Friday, May 22, 2009

Bricklayers Arms, Bloomsbury

The minutes of the LCS General Committee for the 13 August 1795, contain the following wonderfully sarcastic note detailing why Div. 29 were forced to move to the Bricklayers Arms:

29 - Are compelled by their Landlord to change their night of Meeting from Monday to Tuesday & was obliged for that Evening to meet in an upper Bed Room to accommodate a Society of Loyal Britons or a club of Church & Kings men who have taken our late meeting Room. The Landlord therefore obliged us to evacuate the same, during the whole Evening Citizens our Senses were charmed with those melodious Notes of God Save the king, rule Brittania Briton strike home &c &c &c - But those tunes not being quite in unison with the undermentioned Citizens they therefore determined to branch of to form a new Division to meet on a Monday at the Bricklayers Arms Kingsgate Bloomsbury & request the Comee to appoint a Number & Deputation to open the Same -
The Citns who are here present have set down their Names
Turner Stacey Skale Stone Wenham Hanbury Sherman Anderson Parkinson Flyill
To be No 51 - Banting Powell, Place - Monday (Add MSS 27813, fos. 101v-7v; Thale 285).


The minutes of the LCS General Commitee for 10 September 1795 report that Div. 51 moved "from Bricklayers Arms Kingsgate St to the Kings Arms Smarts Buildings" (Add MSS 27813, fos. 126-9; Thale 302).

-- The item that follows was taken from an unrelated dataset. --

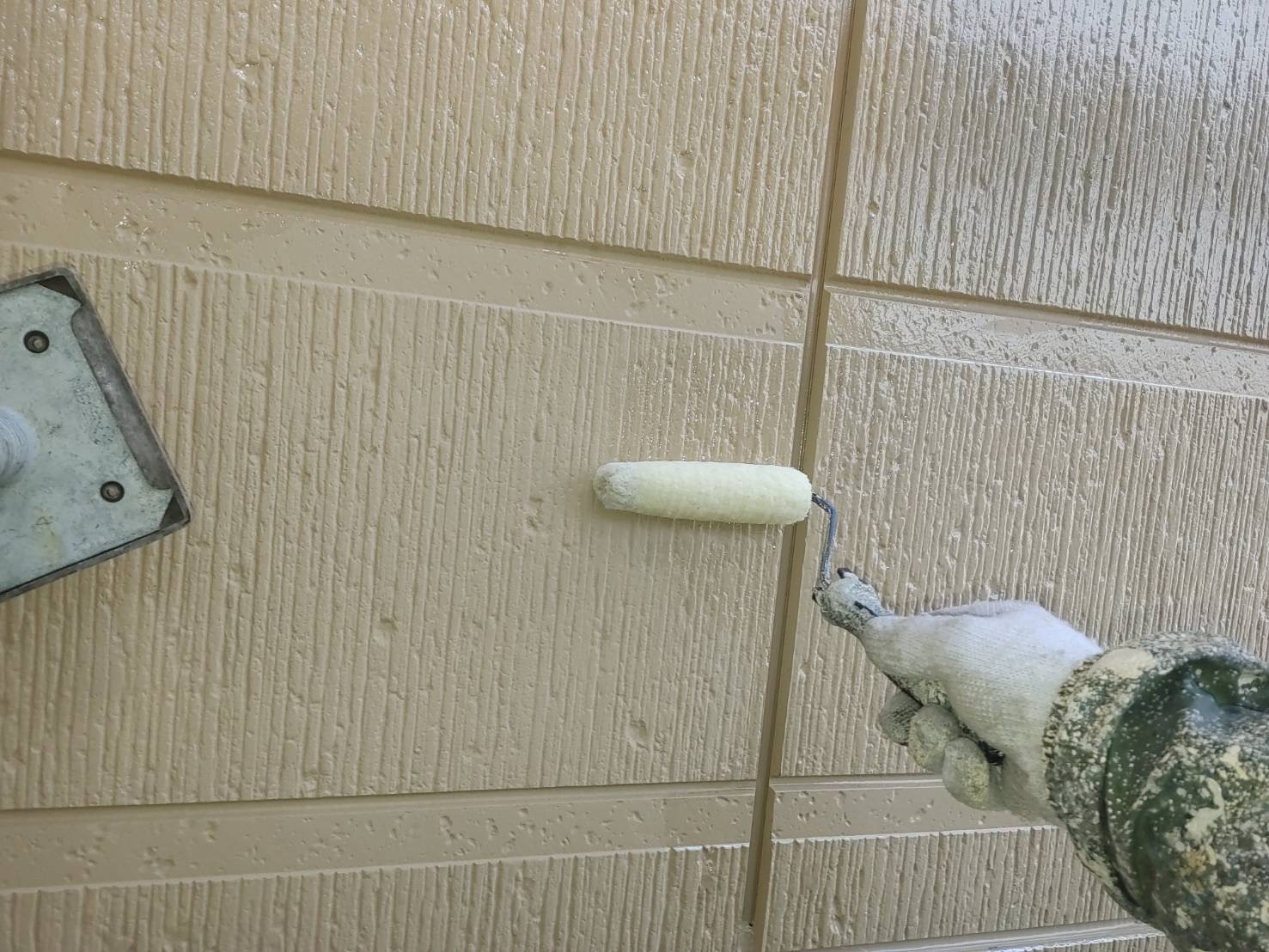 外壁塗装です。下塗り中塗り上塗りの3層仕上げで仕上げていきます。今回の塗料は無機系塗料グランセラトップです。

This description shows some of the pressures that the LCS were under which forced them to abandon certain meeting places, and eventually led to the collapse of the society. Typically pressure was exerted on sympathetic landlords, who were threatened with having their licenses revoked if they allowed the LCS to continue meeting. Here, however, pressure was exerted much more directly by members of the public who sought to drown out the political voices of the LCS, with their own patriotic songs.


The 1839 Pigots Directory lists The Bricklayers Arms at 22 Kingsgate Street. Kingsgate Street was approximately where the southbound carriageway of Southhampton Row is today.